*** Opening Records supplied ***

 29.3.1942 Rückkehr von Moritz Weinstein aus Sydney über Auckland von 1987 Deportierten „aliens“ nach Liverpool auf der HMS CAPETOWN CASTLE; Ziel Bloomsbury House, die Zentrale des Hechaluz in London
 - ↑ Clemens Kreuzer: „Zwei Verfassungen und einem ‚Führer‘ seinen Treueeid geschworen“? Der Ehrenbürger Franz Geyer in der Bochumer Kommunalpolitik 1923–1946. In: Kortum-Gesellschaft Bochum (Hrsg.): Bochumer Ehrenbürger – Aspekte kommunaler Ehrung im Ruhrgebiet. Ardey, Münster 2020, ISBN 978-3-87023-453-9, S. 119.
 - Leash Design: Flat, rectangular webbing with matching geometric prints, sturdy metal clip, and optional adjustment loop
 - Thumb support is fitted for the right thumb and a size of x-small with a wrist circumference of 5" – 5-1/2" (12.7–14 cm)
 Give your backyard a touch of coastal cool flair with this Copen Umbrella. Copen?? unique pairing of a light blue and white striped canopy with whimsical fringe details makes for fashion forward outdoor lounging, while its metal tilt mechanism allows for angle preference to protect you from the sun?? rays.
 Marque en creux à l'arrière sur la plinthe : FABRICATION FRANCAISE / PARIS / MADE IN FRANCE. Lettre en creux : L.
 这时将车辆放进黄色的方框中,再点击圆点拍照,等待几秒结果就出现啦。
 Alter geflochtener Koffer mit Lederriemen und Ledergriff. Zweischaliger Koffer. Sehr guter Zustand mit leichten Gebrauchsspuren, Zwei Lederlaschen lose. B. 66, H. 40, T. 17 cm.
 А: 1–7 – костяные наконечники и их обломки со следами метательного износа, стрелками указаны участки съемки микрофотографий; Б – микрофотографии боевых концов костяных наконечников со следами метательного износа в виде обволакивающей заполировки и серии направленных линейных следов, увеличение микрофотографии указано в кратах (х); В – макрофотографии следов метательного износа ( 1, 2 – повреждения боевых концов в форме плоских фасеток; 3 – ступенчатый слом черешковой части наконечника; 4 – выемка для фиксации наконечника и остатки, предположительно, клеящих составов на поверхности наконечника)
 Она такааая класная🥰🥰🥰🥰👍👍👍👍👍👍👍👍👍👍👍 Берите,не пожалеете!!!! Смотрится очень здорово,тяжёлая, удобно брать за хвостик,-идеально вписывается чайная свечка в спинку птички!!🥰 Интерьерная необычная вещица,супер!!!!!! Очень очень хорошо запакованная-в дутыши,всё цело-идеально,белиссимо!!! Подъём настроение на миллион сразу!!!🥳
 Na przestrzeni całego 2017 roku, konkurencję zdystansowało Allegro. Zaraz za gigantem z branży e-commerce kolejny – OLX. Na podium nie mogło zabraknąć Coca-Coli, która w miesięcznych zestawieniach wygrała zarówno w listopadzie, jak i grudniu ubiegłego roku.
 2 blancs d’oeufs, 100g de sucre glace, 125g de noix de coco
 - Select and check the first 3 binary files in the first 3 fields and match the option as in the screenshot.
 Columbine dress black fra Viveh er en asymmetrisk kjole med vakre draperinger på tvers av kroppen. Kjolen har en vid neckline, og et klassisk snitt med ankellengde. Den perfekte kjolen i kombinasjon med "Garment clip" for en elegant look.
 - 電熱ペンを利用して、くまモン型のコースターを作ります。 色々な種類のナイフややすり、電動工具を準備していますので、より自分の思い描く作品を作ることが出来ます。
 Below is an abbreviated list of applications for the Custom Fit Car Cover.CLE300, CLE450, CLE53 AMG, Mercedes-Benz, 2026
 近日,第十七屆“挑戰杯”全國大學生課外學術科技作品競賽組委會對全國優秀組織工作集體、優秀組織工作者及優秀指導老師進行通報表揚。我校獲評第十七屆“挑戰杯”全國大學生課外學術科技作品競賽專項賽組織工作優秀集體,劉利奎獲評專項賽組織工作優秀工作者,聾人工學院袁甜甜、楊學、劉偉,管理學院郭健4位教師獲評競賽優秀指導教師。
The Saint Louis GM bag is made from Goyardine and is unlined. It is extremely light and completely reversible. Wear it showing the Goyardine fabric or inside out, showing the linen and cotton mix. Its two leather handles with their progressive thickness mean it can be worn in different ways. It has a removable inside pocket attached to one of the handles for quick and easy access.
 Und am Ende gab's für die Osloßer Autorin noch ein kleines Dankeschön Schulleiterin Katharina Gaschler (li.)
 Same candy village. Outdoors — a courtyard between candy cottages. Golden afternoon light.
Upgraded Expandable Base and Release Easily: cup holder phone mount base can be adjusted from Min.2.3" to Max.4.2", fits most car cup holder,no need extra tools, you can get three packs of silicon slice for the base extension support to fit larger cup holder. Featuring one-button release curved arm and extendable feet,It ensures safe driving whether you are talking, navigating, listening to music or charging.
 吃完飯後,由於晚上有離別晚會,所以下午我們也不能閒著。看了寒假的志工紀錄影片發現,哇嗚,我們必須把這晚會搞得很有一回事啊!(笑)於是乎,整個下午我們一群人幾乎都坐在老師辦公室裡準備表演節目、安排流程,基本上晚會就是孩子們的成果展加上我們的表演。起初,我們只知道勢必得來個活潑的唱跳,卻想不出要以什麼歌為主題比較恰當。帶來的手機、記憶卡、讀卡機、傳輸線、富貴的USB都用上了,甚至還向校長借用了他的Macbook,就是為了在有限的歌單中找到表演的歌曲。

*** Closing Records supplied ***

Return, unchanged, the run of lines above that opens with the line containing "Alter geflochtener Koffer" and closes with the line containing "А: 1–7 – костяные". Include both.

# Expected answer
 Alter geflochtener Koffer mit Lederriemen und Ledergriff. Zweischaliger Koffer. Sehr guter Zustand mit leichten Gebrauchsspuren, Zwei Lederlaschen lose. B. 66, H. 40, T. 17 cm.
 А: 1–7 – костяные наконечники и их обломки со следами метательного износа, стрелками указаны участки съемки микрофотографий; Б – микрофотографии боевых концов костяных наконечников со следами метательного износа в виде обволакивающей заполировки и серии направленных линейных следов, увеличение микрофотографии указано в кратах (х); В – макрофотографии следов метательного износа ( 1, 2 – повреждения боевых концов в форме плоских фасеток; 3 – ступенчатый слом черешковой части наконечника; 4 – выемка для фиксации наконечника и остатки, предположительно, клеящих составов на поверхности наконечника)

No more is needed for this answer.